[CMake] Bug? Broken header files in Visual C++ 2008 project

Alexander Neundorf a.neundorf-work at gmx.net
Wed Sep 3 17:45:56 EDT 2008


On Wednesday 03 September 2008, Andreas Pakulat wrote:
> On 03.09.08 17:52:02, Alexander Neundorf wrote:
> > On Thursday 28 August 2008, Andreas Pakulat wrote:
> > > On 28.08.08 10:16:48, BRM wrote:
> >
> > ...
> >
> > > IMHO the approach to regenerate project description files for an IDE
> > > from a buildsystem tool is simply broken.
> >
> > Well, it has to. Otherwise the project file become wrong. That's not a
> > big problem for the makefile-based project generators (KDevelop, Eclipse,
> > CodeBlocks), but a real one for XCode and MSVC.
>
> Yeah, I guess I'm really just too used to proper IDE's that don't
> re-invent the wheel and separate buildsystem from project config
> properly.

Uh-oh, "proper".
I guess basically each developer of an IDE is convinced that "his" IDE does it 
the "proper" way ;-)
(you know there is also one thing in kdev4 which I wouldn't call "proper")

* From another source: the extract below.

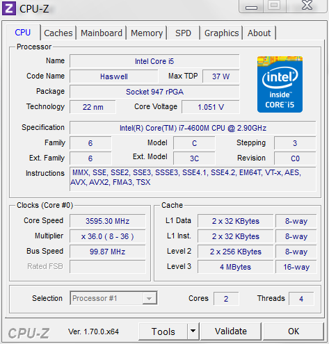 Die Kernkomponenten des Portege R30 sind ein Core i7 4600M (2,9 GHz) mit der integrierten HD Graphics 4600 und die 256-GB-SSD (Samsung PM851 Series MZMTE256HMHP). Die CPU kennen wir aus Workstations (Fujitsu Celsius H730) oder aus starken Business-Laptops (ThinkPad T440p). Im Gegensatz zu den oft verwendeten Low-Voltage-CPUs (Haswell 15 Watt) kann der i7 4600M als Standard-Voltage-Modell 37 Watt „verbrennen“. Das macht den R30 zu einem HighEnd-Performance-Boliden.
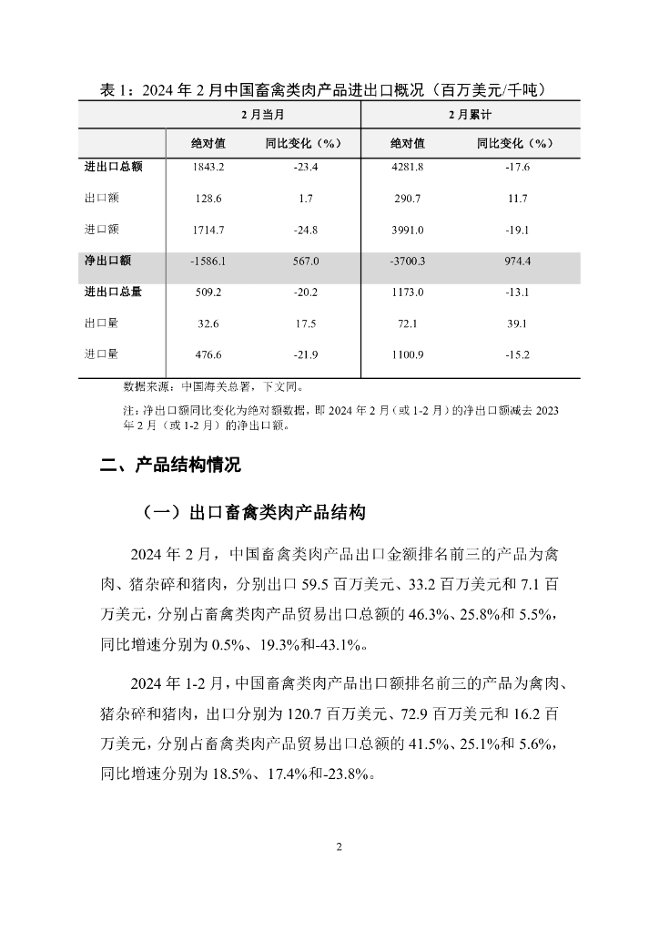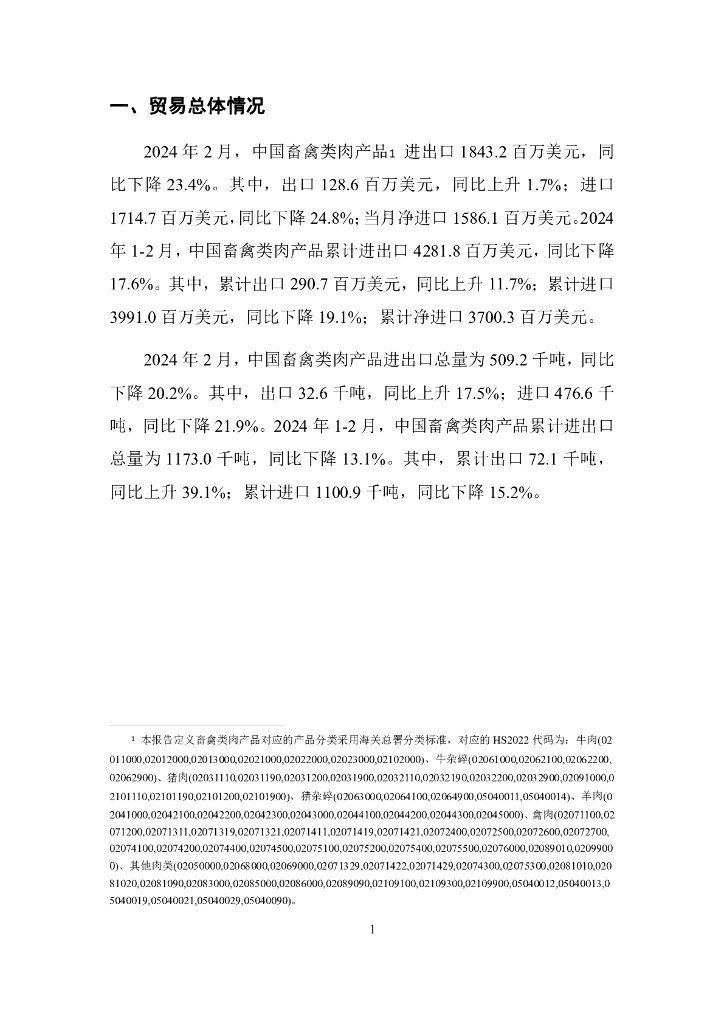 对外经济贸易大学:中国畜禽类肉产品贸易月度监测报告(2024年1-2月).pdf

> > > KDevelop3 doesn't need that information at all, or rather it completely
> > > ignores the CMake files anyway.
> >
> > Which files do you mean with "the CMake files" ?
>
> Everything related to CMake, i.e. CMakeLists.txt, the stuff in the
> builddir and so on.

Ah, yes.
What would be cool would be if I could force kdevelop to reread its project 
files (... after they have been regenerated by cmake).
Is this possible maybe via DCOP ?

> > > The generator for KDevelop3 projects in CMake is ok if you want to get
> > > an initial project status, but after that you shouldn't use it anymore.
> >
> > Why ?
>
> Because it overwrites project settings that you have in the .kdevelop
> file. 

Hmm, I didn't change a lot in it since a long time, but it should (since more 
or less the beginning) not overwrite settings, which means, it should only 
overwrite the following tags:
<projectdirectory>
<projectmanagement>
<absoluteprojectpath>
<filelistdirectory>
<buildtool>
<builddir>

All other tags should be copied as they are (on disk at cmake time) into the 
new project file.
(initially, when no project file exists yet, of course a complete one is 
written).

It would be nice if you could give more details on this.